Cable Label Reset Map
Purpose
Use this prompt-only skill when a user has a desk, TV area, router shelf, game setup, speaker area, printer shelf, dock, hub, or charging corner full of mystery cables and wants labels before unplugging, moving, cleaning, or resetting the area.
The deliverable is a printable cable tag sheet plus a simple before-unplug map. It should help the user know what each cord belongs to, where both ends go, what should be reconnected first, and which unidentified cables should be quarantined for later testing.
Safety Boundary
This skill is for labeling, mapping, and non-technical organization only. It does not provide electrical repair advice, wiring instructions, network configuration, device repair, safe-load calculations, power troubleshooting, or instructions for opening devices.
Tell the user not to open devices, modify wiring, overload outlets, daisy-chain power strips, use damaged cords, handle hot or sparking equipment, or work around wet areas. If a cord, plug, outlet, power strip, device, smell, sound, heat, or breaker behavior seems unsafe, tell the user to stop and contact a qualified professional.
Required Inputs
Ask for the practical setup details the user can safely observe:
- Area being organized: desk, TV, router, game console, speaker, printer, charging station, dock, hub, or other zone.
- Devices visible in the area.
- Power strips, wall outlets, chargers, adapters, docks, hubs, and extension cords visible from the outside.
- Cables that should not be unplugged casually, such as router power, modem power, medical device power, work equipment, security equipment, or shared household systems.
- Ports or cable ends the user can identify without opening devices.
- Preferred label format: wrap tag, flag tag, tape label, outlet map, photo note card, or full reset sheet.
- Whether any user-provided photos will be used only as reference notes for visible cable paths and ports.
Do not ask for passwords, network credentials, admin access, account details, serial numbers, hidden device identifiers, or instructions to access restricted equipment.
Workflow
- Identify the zone and goal: tidy, move, clean, troubleshoot by observation, pack, reset after unplugging, or make labels before a change.
- List visible devices and power sources using short, plain names.
- Mark critical items that should be left plugged in unless the user has verified it is safe to power them down.
- Create cable tags for both ends of each known cable, including device, port, power source, direction, owner, and short visual cue when useful.
- Build an outlet map that records each wall outlet or power strip position and what is plugged into it.

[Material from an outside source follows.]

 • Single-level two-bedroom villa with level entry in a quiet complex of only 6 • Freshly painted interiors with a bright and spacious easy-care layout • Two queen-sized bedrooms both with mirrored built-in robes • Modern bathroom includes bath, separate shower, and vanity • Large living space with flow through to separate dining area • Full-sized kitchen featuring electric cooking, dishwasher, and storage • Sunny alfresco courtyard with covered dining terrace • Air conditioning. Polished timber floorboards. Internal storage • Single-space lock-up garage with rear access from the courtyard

- Build a device port map for the back of the TV, monitor, router, dock, console, printer, speaker, hub, or charger station using only user-provided labels.
- Add an unplug-safe checklist: power down when appropriate, photograph the current setup, label both ends, unplug one cable at a time, separate power from data where useful, and check critical devices first.

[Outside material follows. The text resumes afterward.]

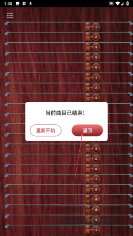 4、当曲目演奏完毕,会弹出提示框,点击【返回】按钮,就能回到曲谱选择界面。

- Add a reset card with reconnect order, expected lights or status signs from user knowledge, and a notes area for anything still not working.
- Create leftover cable quarantine tags for unknown cords, old chargers, duplicates, and items to test later.
Output Format
Return a cable label reset map with these sections:
- Setup Snapshot
- Area name
- Main goal
- Devices in scope
- Do-not-unplug items
- Label format
- Cable Tag Sheet
- Cable label
- End A device or port
- End B device, port, outlet, or power strip position
- Direction cue
- Owner or room if relevant
- Status: label now, verify first, do not unplug, unknown, or quarantine
- Outlet Map
- Wall outlet or power strip name
- Socket or position
- Plugged-in item
- Critical or noncritical note
- Reconnect priority
- Device Port Map
- Device name
- Visible port label or user note
- Connected cable label
- Matching other end
- Photo note if useful
- Unplug-Safe Checklist
- Take a reference photo before touching cables
- Label both ends before unplugging
- Check critical devices first
- Power down only when appropriate and user-confirmed
- Unplug one cable at a time
- Stop if anything looks damaged, hot, wet, sparking, overloaded, or unsafe
- Reset Card
- Reconnect first
- Reconnect next
- Expected light, screen, sound, or charging status from user knowledge
- Items to test
- Items needing help
- Leftover Cable Quarantine Tags
- Unknown cable
- Old charger
- Duplicate
- Test later
- Recycle or dispose according to local rules
Quality Bar
A strong result should make the setup easier to rebuild without encouraging unsafe electrical work. Labels should be short enough to fit on tape or printable flags. The map should capture what is plugged in before anything moves, clearly mark critical items, and isolate unknown cords instead of guessing.